Clark’s novel tells the story of two young women living in the sexually liberated Toronto of 1974. One, Jay, sees ghosts. The other, Lily, hosts a demon. Clark walks a fine line between the metaphorical and the supernatural, skewers the sexual mores of the times, and shows us a Toronto both familiar and long lost.

It is the summer of 1974. Jay is boarding at the Kappa Alpha Theta sorority house (KAT House), while taking courses at an art school. Lily is a sorority sister who has failed her university courses.

They’re unlikely confidantes: Lily is a pot-smoking sexual adventuress, while Jay is a clear-eyed, virginal classicist, aptly positioned to comment on the antics of the sorority sisters, art students and artist/teachers around her.

When these artist/teachers come on the scene, Clark’s writing is at its witty best. William Rossco, for instance, lives with his wife in the suburb of Mimico but spends three days a week downtown: “He knew that in the course of his sojourn in the city, he would fall down a lot, spill beer on himself, get beer thrown at him, dribble mustard on his shirt (Rossco liked hot dogs), sit on a glob of paint, get covered in charcoal, commit any number of nefarious acts and through it all, his humble black T-shirt wouldn’t get crinkled and it wouldn’t show the dirt.”

The scene, what Jay calls an “entire society attached to the art school,” resembles that of any group attracted to courses in the arts (not always aspiring artists, as Clark is quick to distinguish). Clark turns their drunken afternoons around the Brunswick House’s Oblong Table into set pieces, some of the novel’s funnier moments.

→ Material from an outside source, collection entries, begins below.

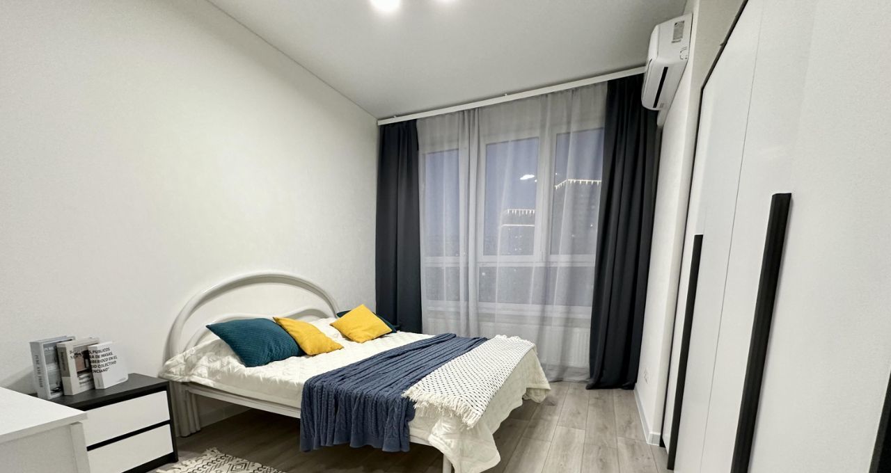 Сдаётся просторная однокомнатная квартира в новом доме 2023 года постройки. Общая площадь — 40 квадратных метров, кухня — 16 кв. м. Квартира расположена на 16 этаже 32-этажного здания. До станции метро Чкаловская всего 17 минут пешком.
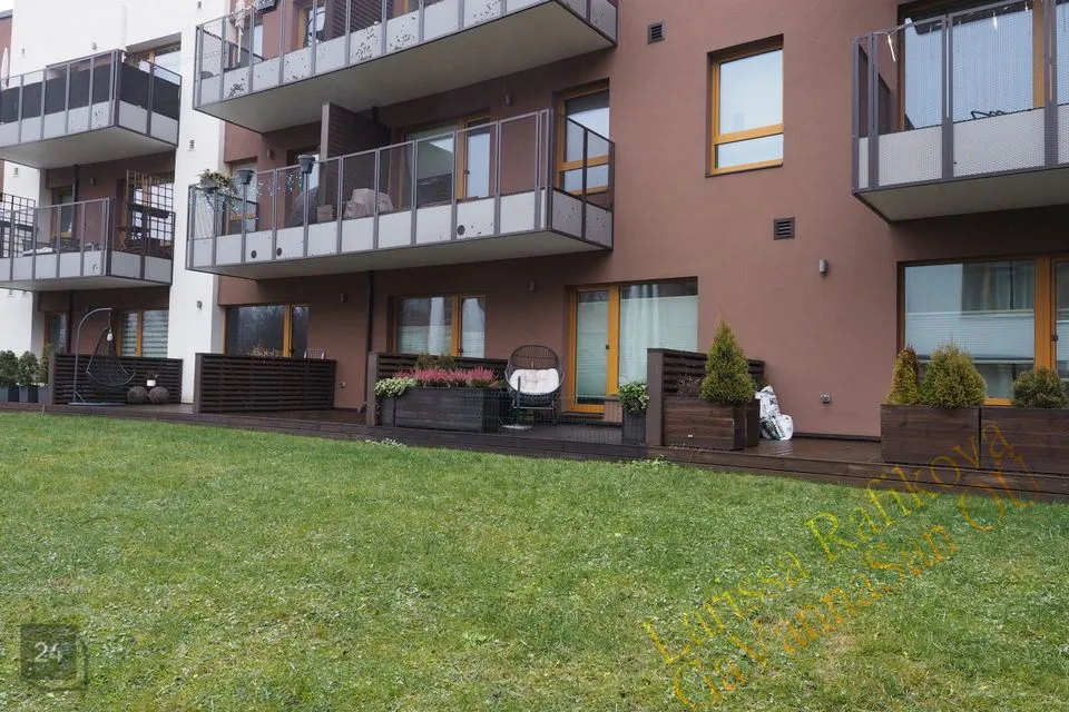 Esimese korruse korteril on juurdepääs oma privaatsele aiaga piiratud terrassile.
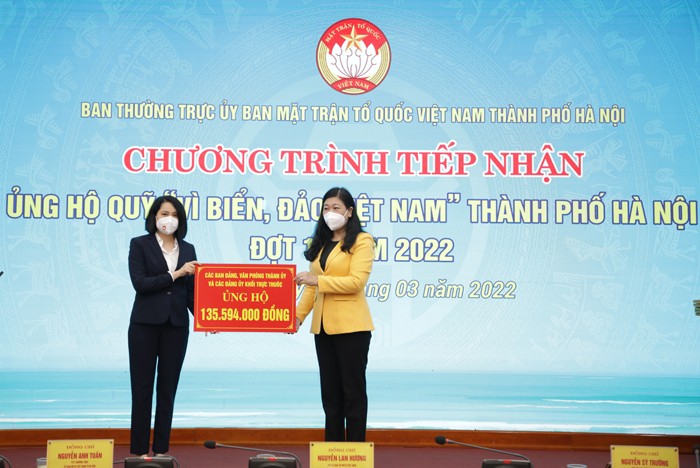 Nhằm tiếp tục thể hiện tình cảm, trách nhiệm của cán bộ, chiến sỹ, các tầng lớp Nhân dân Thủ đô với biển, đảo Việt Nam để có thêm nguồn lực tiếp tục hỗ trợ xây dựng các công trình ý nghĩa, góp phần nâng cao đời sống vật chất, tinh thần của quân và dân trên các vùng biển, đảo của Tổ quốc, Ủy ban MTTQ Việt Nam Thành phố đã ra lời kêu gọi ủng hộ Quỹ "Vì biển, đảo Việt Nam" của thành phố Hà Nội năm 2022. Thời gian phát động và tiếp nhận ủng hộ từ 01/03/2022 đến 31/5/2022. Tính đến thời điểm hiện tại, đã có 41 đơn vị đăng ký ủng hộ với số tiền 25,8 tỷ đồng.
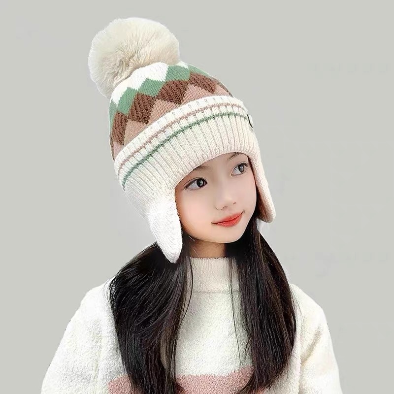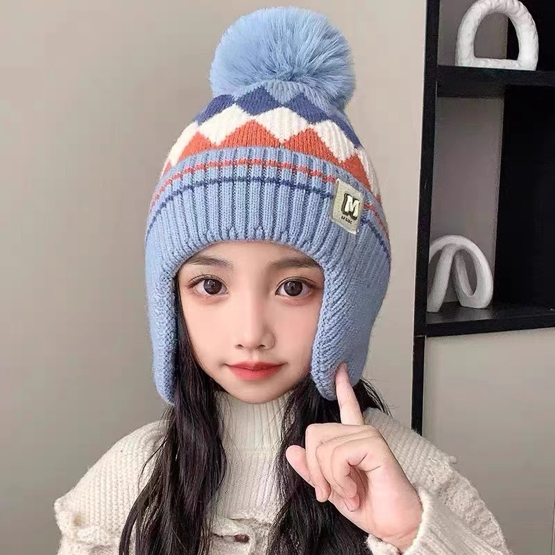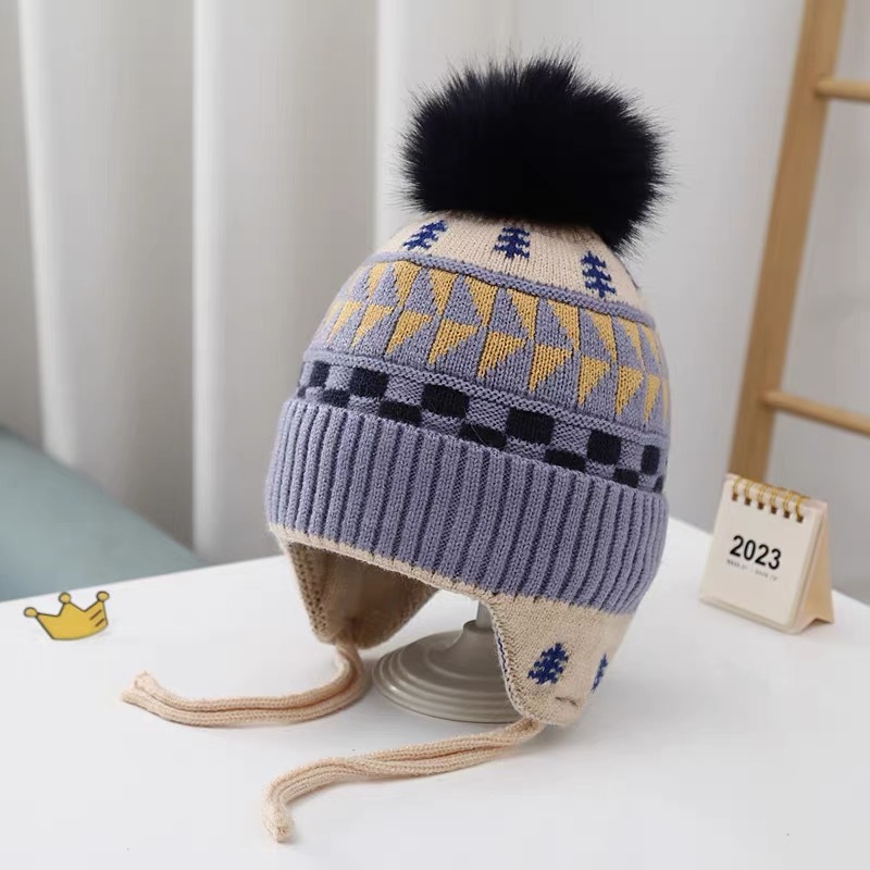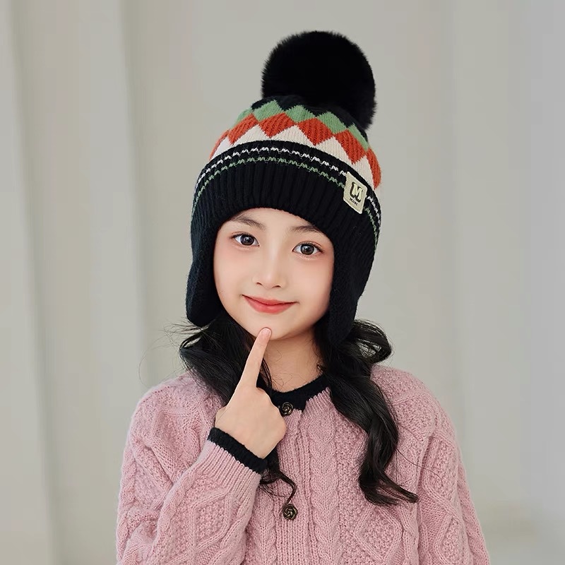 어린이 모자 겨울 새로운 스타일 두꺼운 따뜻한 니트 모자 소년과 소녀를위한 방풍 및 방한 귀 보호 모자 아기 모직 모자

Other establishments attached to the art-school scene read true as well. The European restaurant and its dark, tryst-worthy counterpart The Blue Cellar Room; the gay bar, Cock and Bull; the suburban home of Lily’s family – each location is another piece of urban culture that outsider Jay must puzzle out.

The characters move in and out of relationships, some holding onto a 1950s ideal of marriage, others living communally and sleeping with whomever offers. Jay struggles to understand where she fits and, as in the best coming-of-age novels, sits better in her own skin by novel’s end.

Sally Clark is the award-winning author of eight plays, so it isn’t surprising the dialogue in Waiting for the Revolution is sharp, and often hilarious. Jay’s interactions with men, especially Rossco, whose nickname for her, “Girl,” sums up his appetites, are fast, funny and off-kilter, moving the story forward in surprising ways.

At times, however, Clark uses an intrusive authorial voice, making statements about “middle-class youth of the twentieth century” and such that yank the reader out of the narrative, giving the novel an uneven pace.

Yet, she makes up for these lapses with spot-on satirical portraits of Che Guevera-obsessed middle-class revolutionaries, sorority girls, Canadian film stars, hippie chicks and art critics. During one Oblong Table session, Rossco contemplates “the fate of Canadian art. One could spend years befriending and compromising one critic and without warning, a new, stupid, vicious one would rise up to take his place, And then, one wastes more time trying to train the new one. And each time, they get dumber and meaner and more intractable, like mad kings, after centuries of inbreeding, an apotheosis of genetic despair.”

Clark leaves room for the reader to consider the metaphorical implications of Lily’s demon and Jay’s ghosts, yet these subtle intriguing subplots could be intensified to good effect. Other moments are beautifully rendered. When Lily first skydives: “It was as though she were entering the world of a miniature train set, with its mock hills and valleys, little houses interspersed with tiny roads and toy cars.”

Read Waiting for the Revolution for its recognizable, unforgettable characters and its trenchant immersion in a long-lost, free-spirited Toronto.

Sally Cooper confesses to a history with art-school scenes. She is the author of two novels, most recently Tell Everything.